====== Records for this task

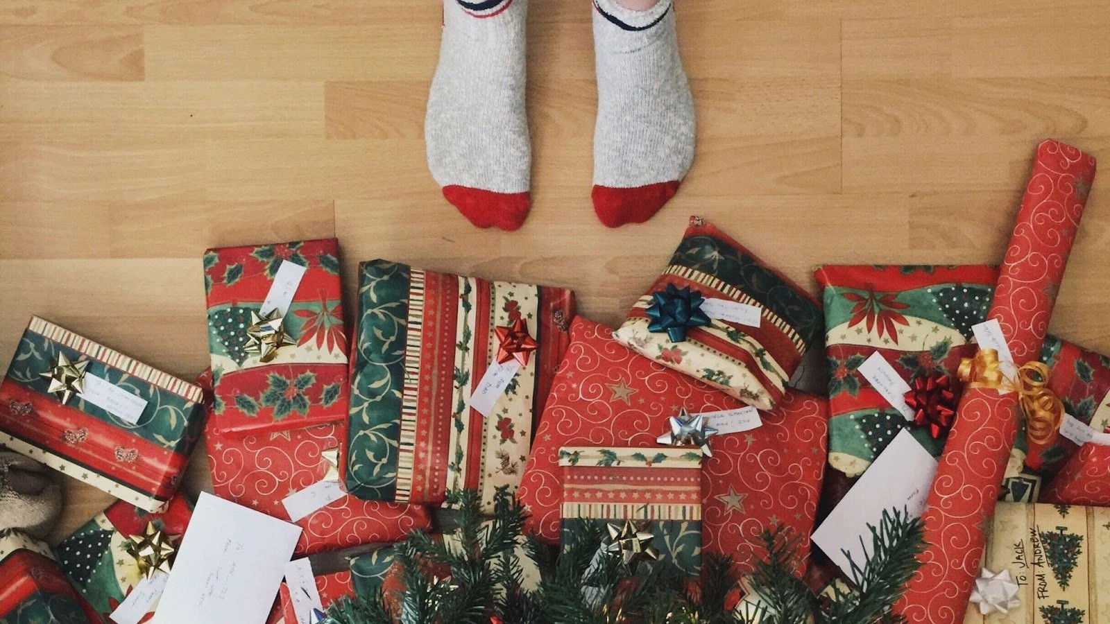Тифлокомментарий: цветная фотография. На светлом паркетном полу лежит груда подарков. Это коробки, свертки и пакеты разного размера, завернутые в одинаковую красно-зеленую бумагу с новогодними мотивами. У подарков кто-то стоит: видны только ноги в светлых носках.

============
====== Records for this task

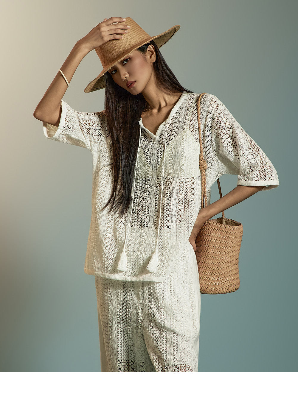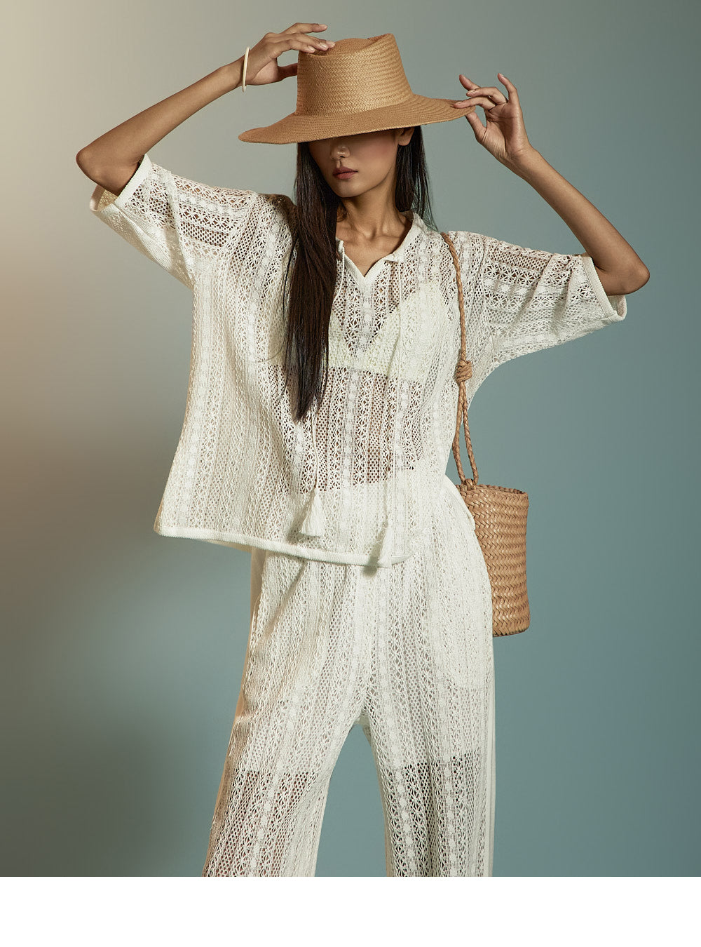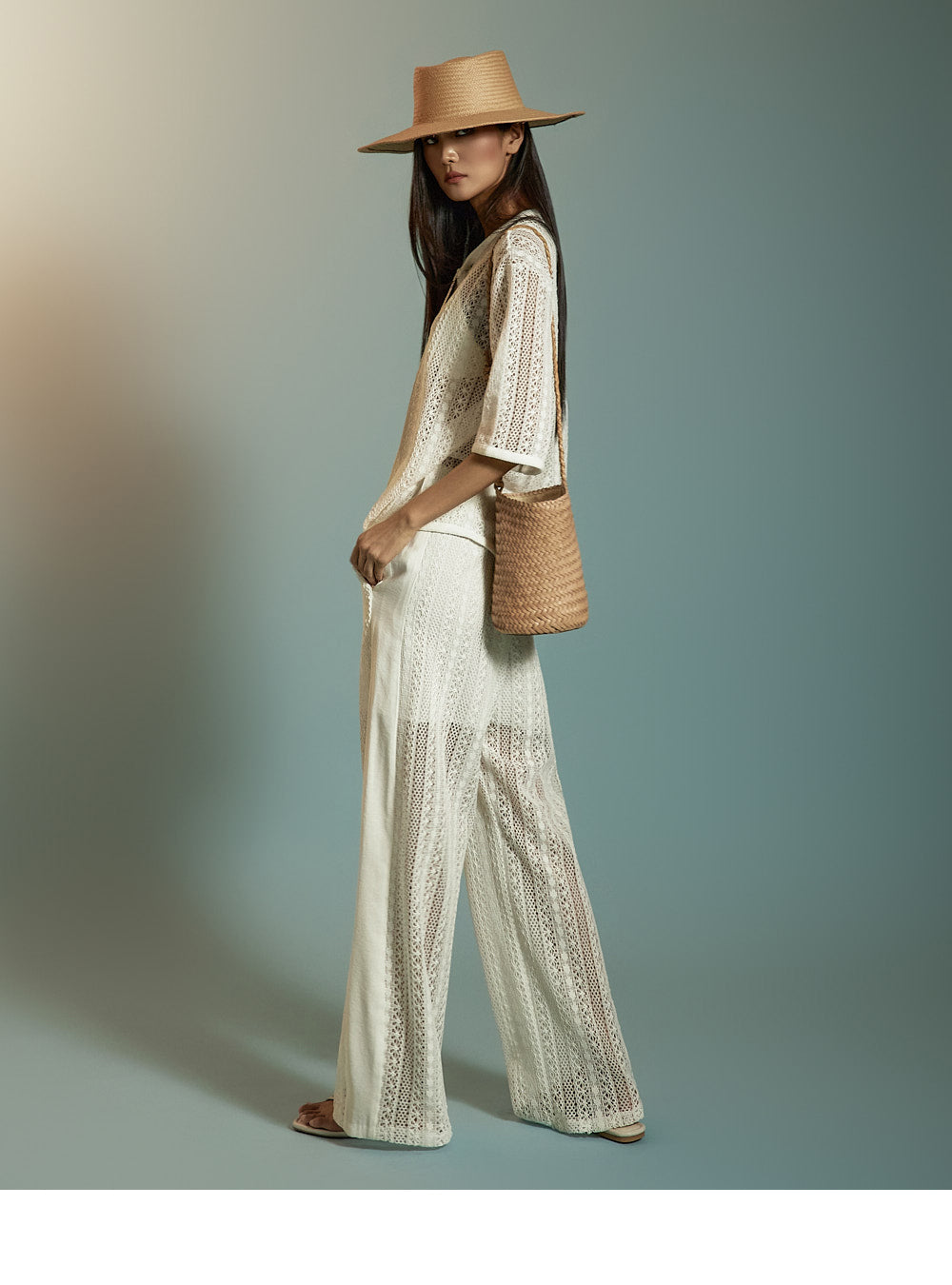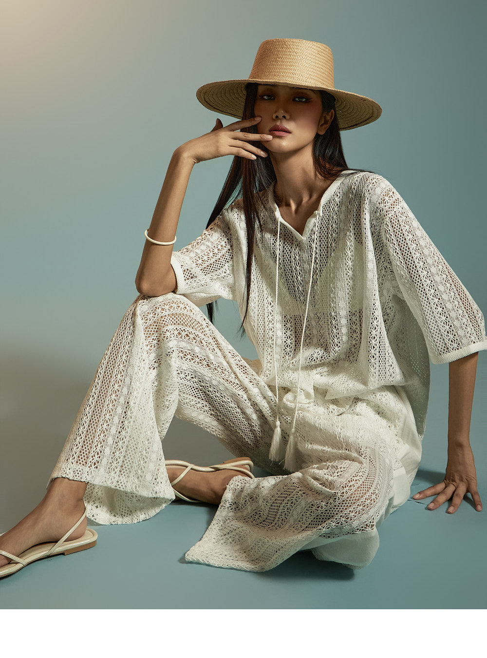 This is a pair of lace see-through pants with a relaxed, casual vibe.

============
====== Records for this task

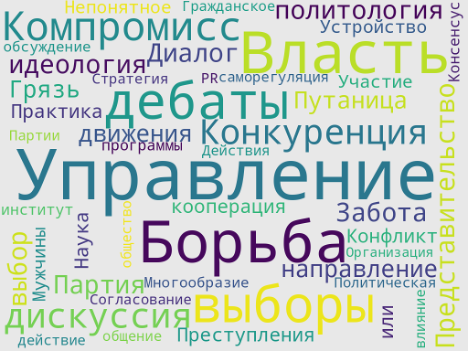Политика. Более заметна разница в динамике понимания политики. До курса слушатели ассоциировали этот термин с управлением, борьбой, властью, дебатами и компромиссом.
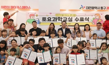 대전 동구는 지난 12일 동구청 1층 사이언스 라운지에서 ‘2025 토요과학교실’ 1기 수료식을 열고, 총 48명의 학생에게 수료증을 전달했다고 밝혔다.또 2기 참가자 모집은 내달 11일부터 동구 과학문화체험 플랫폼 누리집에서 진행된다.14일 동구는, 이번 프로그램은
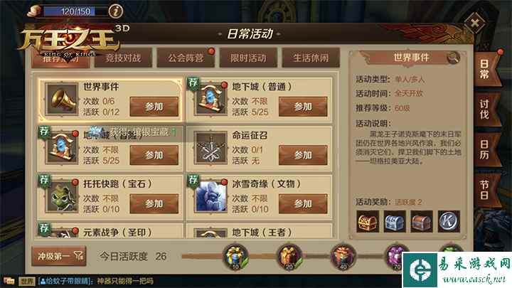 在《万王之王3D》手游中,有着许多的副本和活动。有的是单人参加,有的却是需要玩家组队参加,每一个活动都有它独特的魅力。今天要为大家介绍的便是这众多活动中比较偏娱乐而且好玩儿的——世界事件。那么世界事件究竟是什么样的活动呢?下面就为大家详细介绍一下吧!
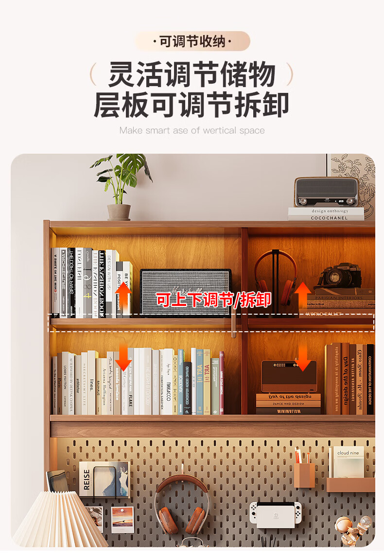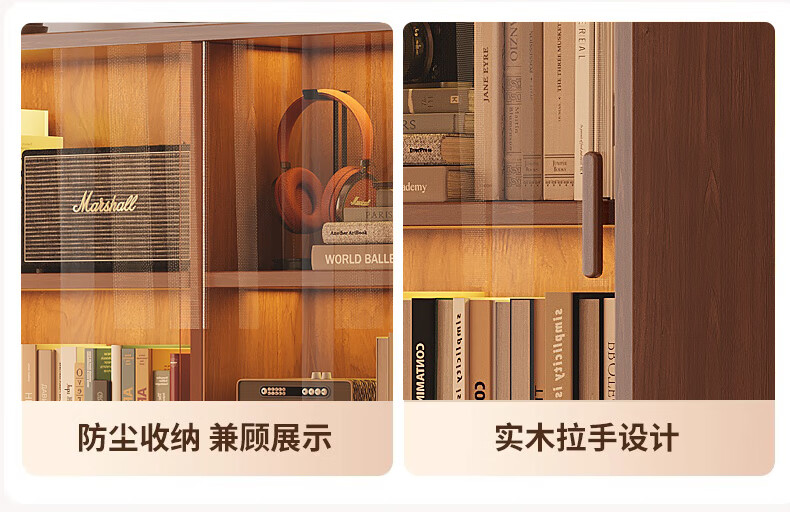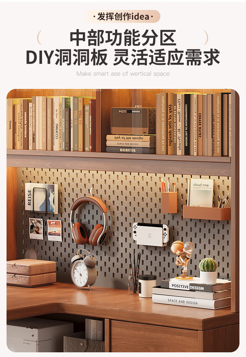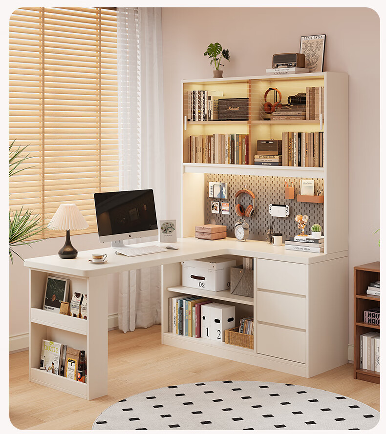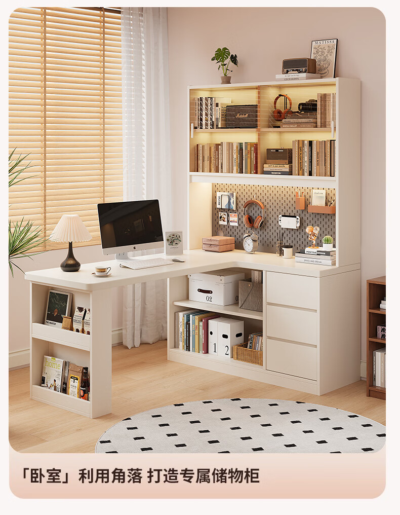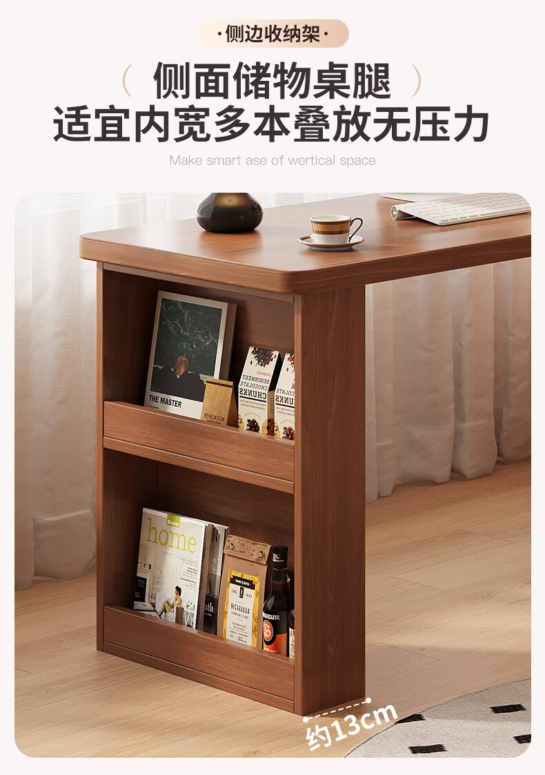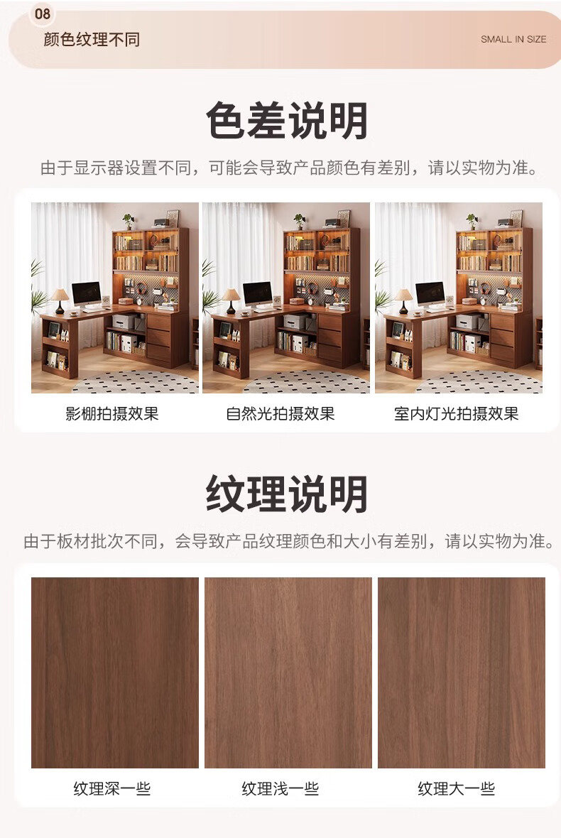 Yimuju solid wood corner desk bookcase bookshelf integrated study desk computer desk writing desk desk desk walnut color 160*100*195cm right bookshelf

============

• **Your instructions**
Write out exactly the lines above between the one with "대전 동구는 지난 12일" and the one with "Yimuju solid wood", inclusive, with pictures left out.

• **Result**
 대전 동구는 지난 12일 동구청 1층 사이언스 라운지에서 ‘2025 토요과학교실’ 1기 수료식을 열고, 총 48명의 학생에게 수료증을 전달했다고 밝혔다.또 2기 참가자 모집은 내달 11일부터 동구 과학문화체험 플랫폼 누리집에서 진행된다.14일 동구는, 이번 프로그램은
 在《万王之王3D》手游中,有着许多的副本和活动。有的是单人参加,有的却是需要玩家组队参加,每一个活动都有它独特的魅力。今天要为大家介绍的便是这众多活动中比较偏娱乐而且好玩儿的——世界事件。那么世界事件究竟是什么样的活动呢?下面就为大家详细介绍一下吧!
 Yimuju solid wood corner desk bookcase bookshelf integrated study desk computer desk writing desk desk desk walnut color 160*100*195cm right bookshelf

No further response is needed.